На самом деле та первая семья, с которой я сюда приехал, завершила свое существование несколько лет назад. В силу разных причин. Актерская профессия часто забирает тебя целиком. В какой-­то момент ролей и проектов становится больше, из одной киноэкспедиции уезжаешь в другую, проводишь вне дома по два-­три месяца. А потом приезжаешь — и понимаешь, что ты уже особо-­то и не нужен, и без тебя совершенно спокойно научились жить. Тепла и взаимопонимания нет.

— Нужна энергетическая подпитка от отношений?

— Дом для меня — некая душевная лечебница, место, где ты должен быть уверен, что тебя действительно любят, ценят и ждут. И всегда тебе рады. Даже если иногда ты бываешь слаб, немощен и с неудовлетворительным достатком, тебя все равно будут любить.

— Это больше похоже на материнскую любовь.

— Нет, не соглашусь. И я очень благодарен моей второй жене Алене, она редкий человек. Надеюсь, своей любовью и поддержкой я тоже приношу ей какую-­то радость и удовлетворение. Но нас соединяет не материальная составляющая — не в этом роде идет подпитка друг от друга. Гораздо важнее — доверие, общение, возможность высказаться. В том числе и обсудить какие-­то острые моменты. Мне кажется, это единственный способ сохранить отношения: не замалчивать обиды, не держать их в себе, быть честным, пусть даже ценой ссоры, раздрая, но так лучше.

— Ваша супруга — тоже из творческой сферы?

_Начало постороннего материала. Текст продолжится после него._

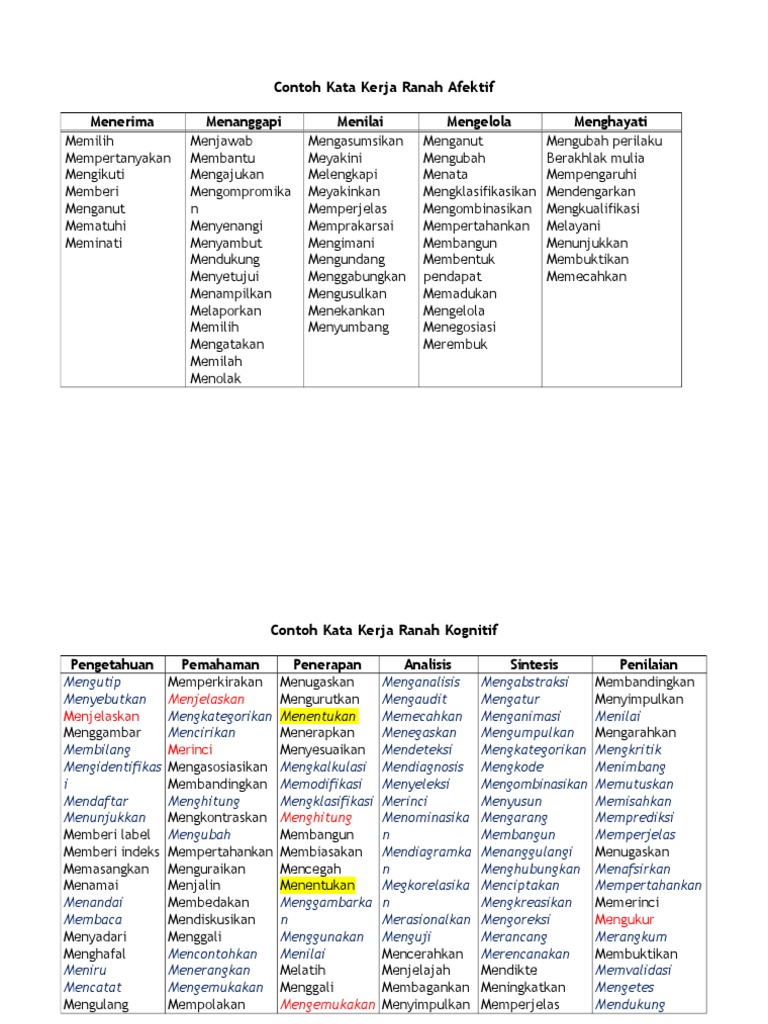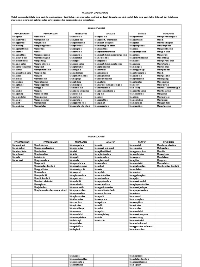 Indicator afektif disusun dengan menggunakan kata kerja operasional dengan objek sikap ilmiah. Kata kerja operasional kko edisi revisi teori bloom ranah kognitif mengingat c1 mengetahui. Dalam setiap aspek taksonomi terkandung kata kerja operasional yang menggambarkan bentuk perilaku yang ingin dicapai melalui suatu pembelajaran. Ranah ini diantaranya kognitif afektif dan psikomotor. Berikut ini adalah contoh kata kerja operasional dari masing masing ranah. Memberi contoh merangkum menyimpulkan membandingkan mengklasifikasikan menunjukkan menguraikan membedakan menyadur meramalkan memperkirakan menerangkan.
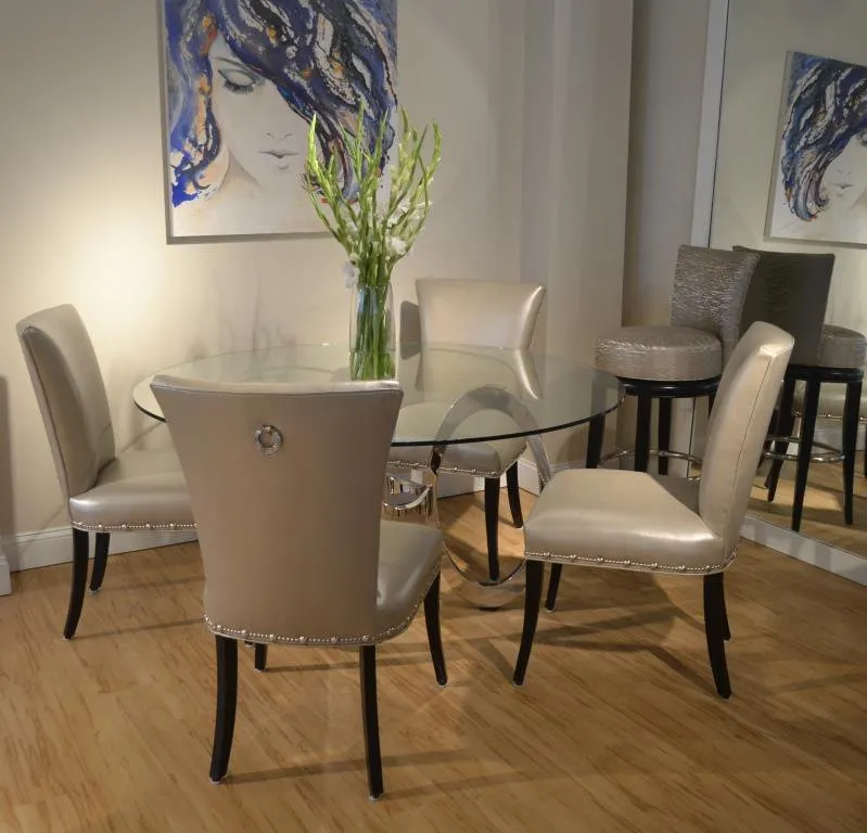 Set of 4 side chairs - The Danbury dining chair, inspired by our best selling dining stool, the Danbury, is a great transitionally styled chair that will fit into many different home décor styles. Notice how the clean lines of the flared back of the chair flow down from the curved top rail into a narrow waist at the chair seat. The seat rails of the chair curve around to meet the back's narrow waist. Delicate saber shaped exposed wood front leg posts and flared wood back leg posts complete this beautiful chair. The chair is shown in a grey texture with a hint of silver metallic, optional small polished nickel nail head trim and Walnut standard finish. The chair is simple in design and yet large in style.
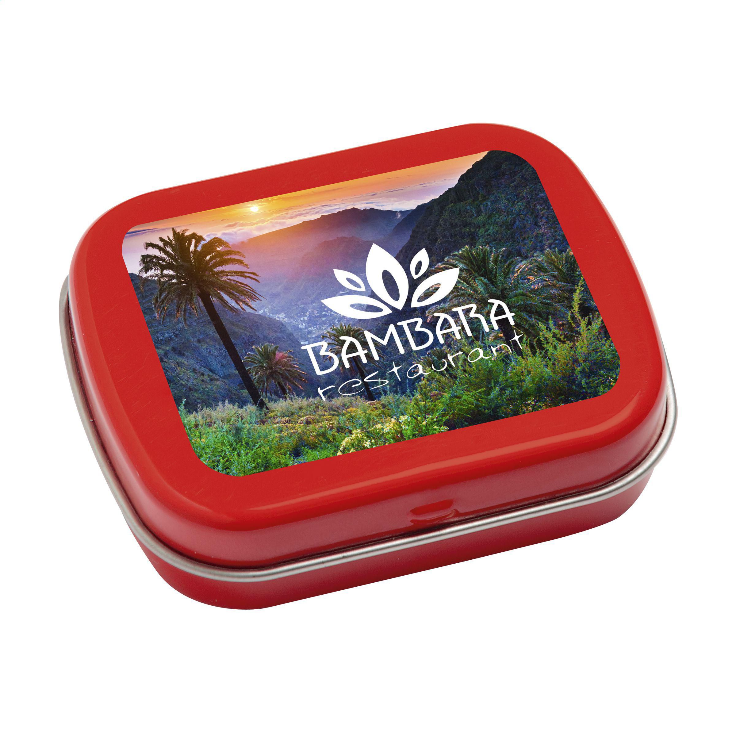 Süßigkeitendöschen mit ca. 25 g frischen Pfefferminz.
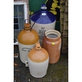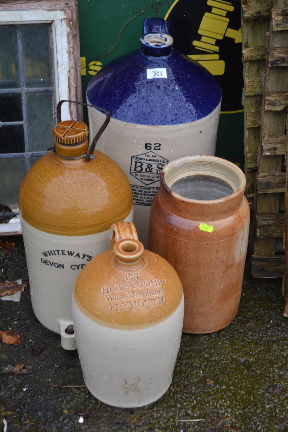 3 stoneware flagons & stoneware jar. 2 marked Plymouth, 1 marked Devon cider. Heights respectively are 49cm, 45cm, 33cm, 31cm

— Нет, она госслужащая. Мне всегда казалось, что вряд ли нас могло что-­то соединить, но мы встретились совершенно случайно, долго говорили. Потом встретились еще, еще говорили. (Улыбается.)

— Где встретились?

— На Сретенке, улице встреч. (Смеется.) Там находится филиал нашего театра. Будущая супруга тогда работала в Минэкономразвития, и им для проведения одного мероприятия требовался ведущий. Она была послана свыше, чтобы обсудить со мной сценарий. Помню, около часа мы говорили о чем угодно, только не о деле. Потом встречались еще несколько раз, обсуждали детали этого концерта — он, кстати, так и не состоялся, зато сложились наши отношения.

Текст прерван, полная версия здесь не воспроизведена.